> _GIVEN DATA_:
⁂
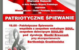 15 sierpnia 2019 r. w dniu Święta Wojska Polskiego na dziedzińcu sanockiego zamku odbędzie się "Patriotyczne Śpiewanie". O godzinie 16.00 wystąpi zespół "Soul" wraz z dziecięcym zespołem "Souliki" pod dyrekcją p. dr Moniki Brewczak i akompaniamencie Bartłomieja Grzebieniaka. Wstęp na to wydarzenie jest bezpłatny. Zapraszamy
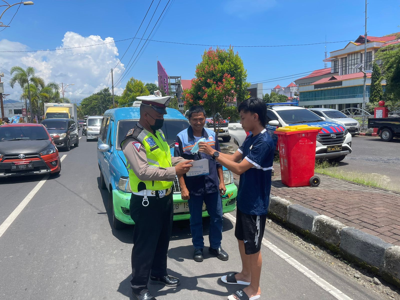 Sambil memberikan edukasi, petugas juga membagikan masker gratis. Bahkan petugas tak segan-segan memakaikan masker kepada pengemudi dan penumpang ranmor.
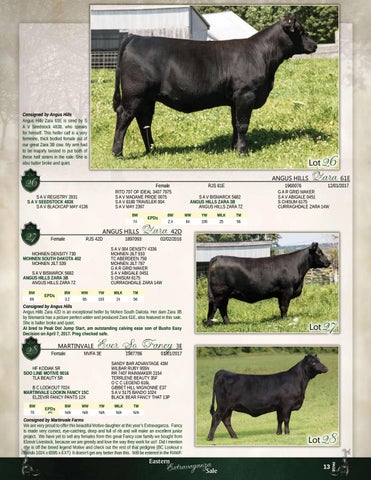 Consigned by Angus Hills Angus Hills Zara 42D is an exceptional heifer by Mohen South Dakota. Her dam Zara 3B by Bismarck has a picture perfect udder and produced Zara 61E, also featured in this sale. She is halter broke and quiet. AI bred to Peak Dot Jump Start, am outstanding calving ease son of Bushs Easy Decision on April 7, 2017. Preg checked safe.
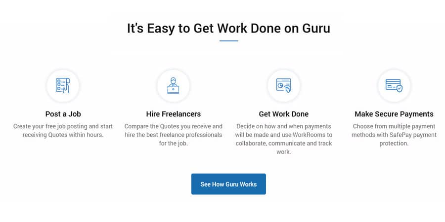 Guru begins with signing up. You can join for free, post your job, and start getting quotes from freelancers quickly. You can verify your details in one step. Then, you can start posting jobs. You can also upgrade your job post to a "Featured Job" to receive 50% more quotes.
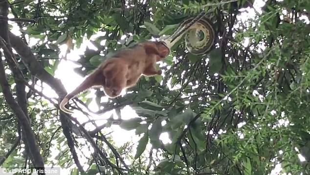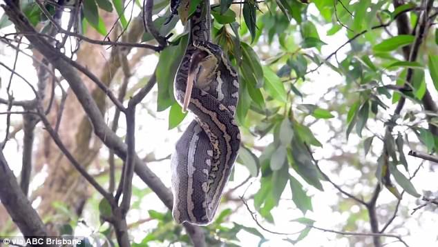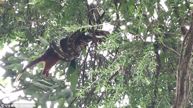 Video con trăn nuốt thú có túi treo lơ lửng trên cây.
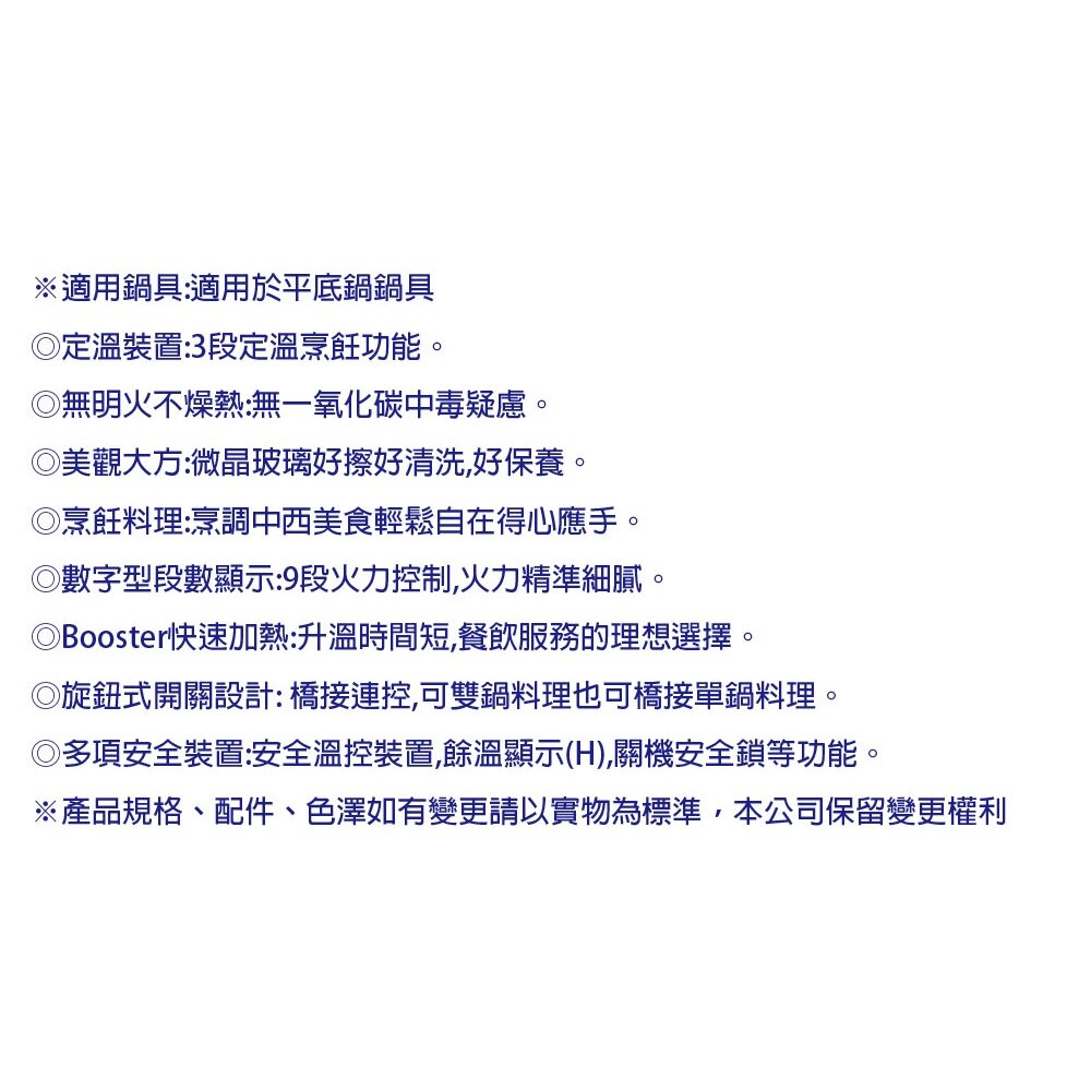 適用鍋具:適用於平底鍋鍋具 定溫裝置:3段定溫烹飪功能 無明火不燥熱:無一氧化碳中毒疑慮 美觀大方:微晶玻璃好擦好清洗,好保養
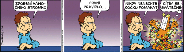 Přípravy na Vánoce vrcholí: Dávejte si pozor na kocoury se špatnou náladou! Při procházení rodinných alb se jistě dá užít spousta zábavy. Pomozte Jonovi vymyslet nějaké překvapení pro Lízu na večer. Nic vás nenapadlo ... no, ono to nakonec není třeba - večeře padla. Na blbé otázky, blbá ... Chcete vidět odieho ve svetru? Nebo Garfieldovy předvánoční halucinace? Dávejte si pozor na pusu před svými hladovými mazlíčky. Tak copak máme dnes v ledničce? Garfieldův nový koníček. Předpověď počasí. Je čas začít zdobit stromeček - jak to je říct? A když stromeček - tak pořádný.
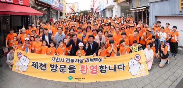 [충청뉴스큐] 제천시가 지역경제활성화를 위해 추진하고 있는 전통시장 러브투어가 올해 2만명을 맞이해 지난 31일 중앙시장에서 환영식을 가졌다.
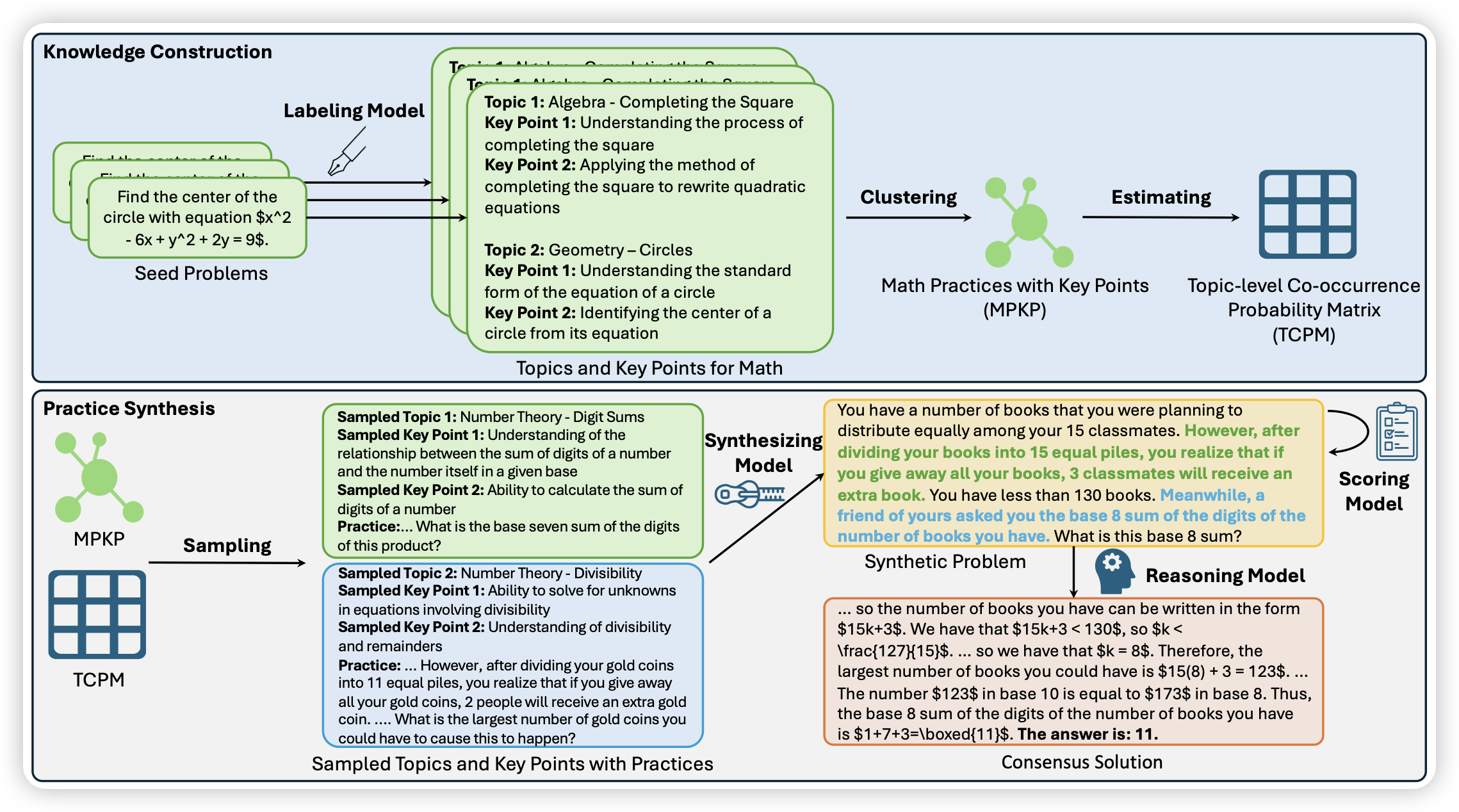 Weizhu Chen的工作,他最近一直focus在怎么把知识体系划分成结构化,再由此由低到高构造数据。这篇,他们在math reasoning问题上做了尝试,先尝试把math场景做一个聚类,然后生成出来更加diverse的query。通过这样生成了1M的Q-A pair,由此直接finetune 7B模型可以在MATH上做到40% acc
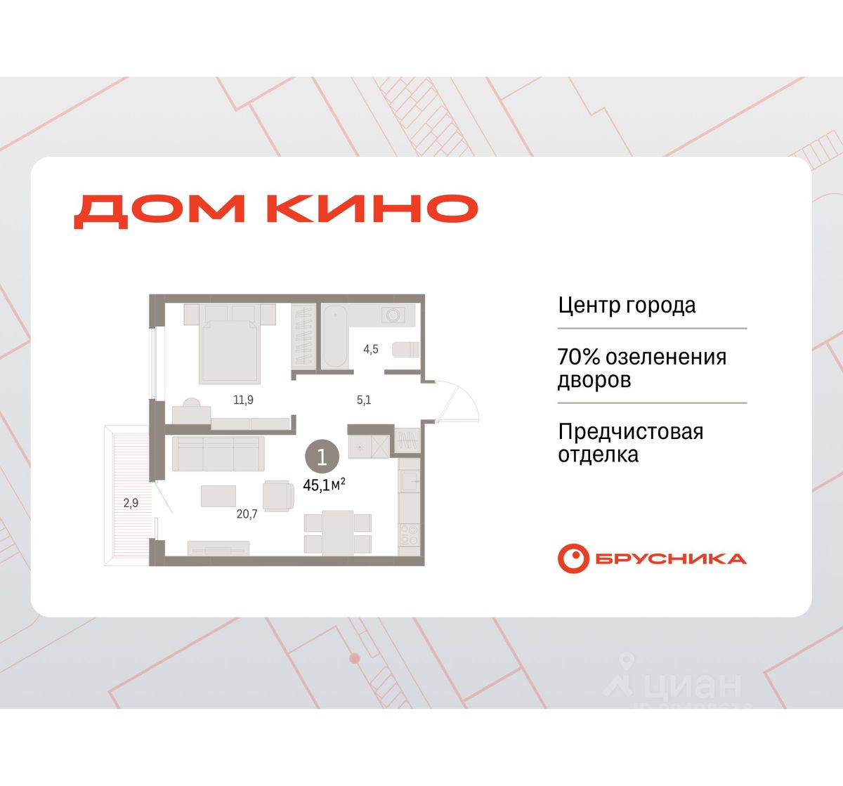 Просторная однокомнатная квартира с предчистовой отделкой в ЖК "Дом Кино" на 2 этаже. Общая площадь: 45.11 кв.м., жилая: 11.9 кв.м., площадь просторной кухни-гостиной: 20.7 кв.м. Все окна выходят на одну сторону. В квартире один балкон, один совмещенный санузел. Высота потолков 2.7 м.
⁂
> _WORK INSTRUCTIONS_:
Your task is to reproduce exactly the lines from the one with "Video con trăn" to the end of the material, both included, with the pictures left out.

> _OUTPUT FOR THIS EXERCISE_:
 Video con trăn nuốt thú có túi treo lơ lửng trên cây.
 適用鍋具:適用於平底鍋鍋具 定溫裝置:3段定溫烹飪功能 無明火不燥熱:無一氧化碳中毒疑慮 美觀大方:微晶玻璃好擦好清洗,好保養
 Přípravy na Vánoce vrcholí: Dávejte si pozor na kocoury se špatnou náladou! Při procházení rodinných alb se jistě dá užít spousta zábavy. Pomozte Jonovi vymyslet nějaké překvapení pro Lízu na večer. Nic vás nenapadlo ... no, ono to nakonec není třeba - večeře padla. Na blbé otázky, blbá ... Chcete vidět odieho ve svetru? Nebo Garfieldovy předvánoční halucinace? Dávejte si pozor na pusu před svými hladovými mazlíčky. Tak copak máme dnes v ledničce? Garfieldův nový koníček. Předpověď počasí. Je čas začít zdobit stromeček - jak to je říct? A když stromeček - tak pořádný.
 [충청뉴스큐] 제천시가 지역경제활성화를 위해 추진하고 있는 전통시장 러브투어가 올해 2만명을 맞이해 지난 31일 중앙시장에서 환영식을 가졌다.
 Weizhu Chen的工作,他最近一直focus在怎么把知识体系划分成结构化,再由此由低到高构造数据。这篇,他们在math reasoning问题上做了尝试,先尝试把math场景做一个聚类,然后生成出来更加diverse的query。通过这样生成了1M的Q-A pair,由此直接finetune 7B模型可以在MATH上做到40% acc
 Просторная однокомнатная квартира с предчистовой отделкой в ЖК "Дом Кино" на 2 этаже. Общая площадь: 45.11 кв.м., жилая: 11.9 кв.м., площадь просторной кухни-гостиной: 20.7 кв.м. Все окна выходят на одну сторону. В квартире один балкон, один совмещенный санузел. Высота потолков 2.7 м.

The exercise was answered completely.